Mówi się, że wszędzie dobrze, ale w domu najlepiej. Co tu dużo nie mówić, jest to prawdziwe stwierdzenie, szalenie prawdziwe. Po czterech miesiącach poza ojczystą ziemią, poza domem, wracamy na zaledwie cztery dni. A wszystko po to, aby załatwić wszystko, albo prawie wszystko co da się załatwić ze ślubem i weselem. No i co najważniejsze, po to, aby spotkać się choć na krótko z rodzinami i przyjaciółmi.
Lecąc samolotem, dopiero drugi raz w życiu przyglądałem się uważnie zmieniającemu się krajobrazowi i nie mogłem uwierzyć, gdy w pewnym momencie rozpoznałem sylwetkę Skrzycznego oraz Szyndzielni z charakterystyczną Saharą. Byłem w szoku, bowiem oznaczało to, że lecimy gdzieś nad Tychami i niemalże na dłoni mamy zarówno Bielsko, jak i Buczkowice.
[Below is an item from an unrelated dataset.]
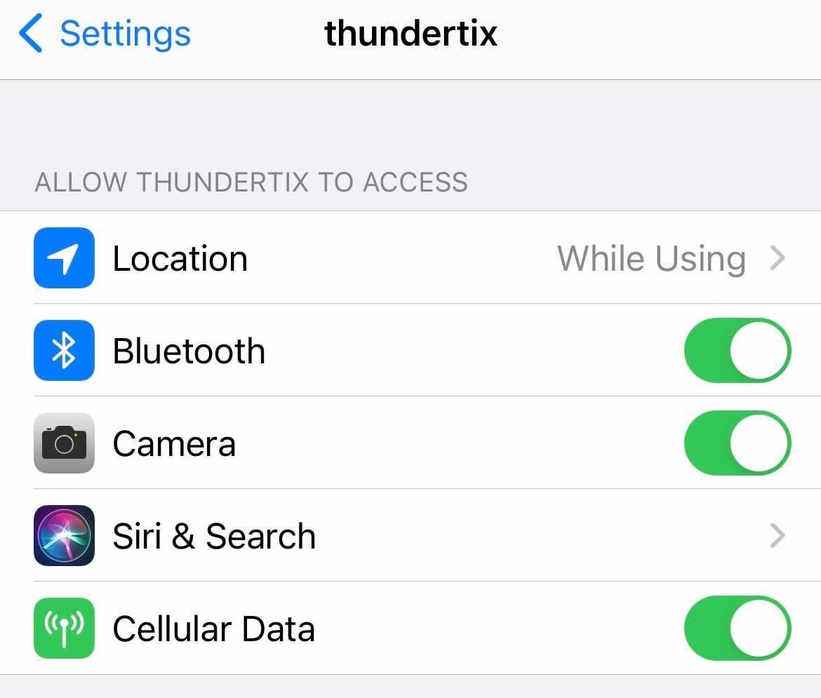 Please have each person that will be scanning check the settings for the ThunderTix App to ensure the Camera is enabled. See the image below.

Pierwszy raz widziałem rodzinne strony z lotu ptaka. I niech nikt nie mówi, że zdolności topograficzne się nie przydają… A potem jeszcze udało nam się wypatrzyć Żar i Jezioro Żywieckie.
Z lotniska odebrała nas Janeczka, sprawiając nam tym ogromną przyjemność. Zawsze miło spotkać jakąś znajomą buźkę wkrótce po przylocie z daleka. Razem pojechaliśmy autobusem na dworzec PKS, skąd już sami z Moniczką udaliśmy się PKS’em do Bielska-Białej. Ciekawe, ale więcej czasu zajęło nam dostanie się z lotniska w Balicach do Bielska, niźli upłynęło od opuszczenia Chatteris do lądowania w Balicach.
W Bielsku odebrał nas tata Moniczki, który najpierw zawiózł Moniczkę na Karpackie, a potem nas oboje (Moniczka wpadła na chwilkę) do Buczkowic. I tym to sposobem mogliśmy spędzić z rodzicami późne popołudnie i wieczór.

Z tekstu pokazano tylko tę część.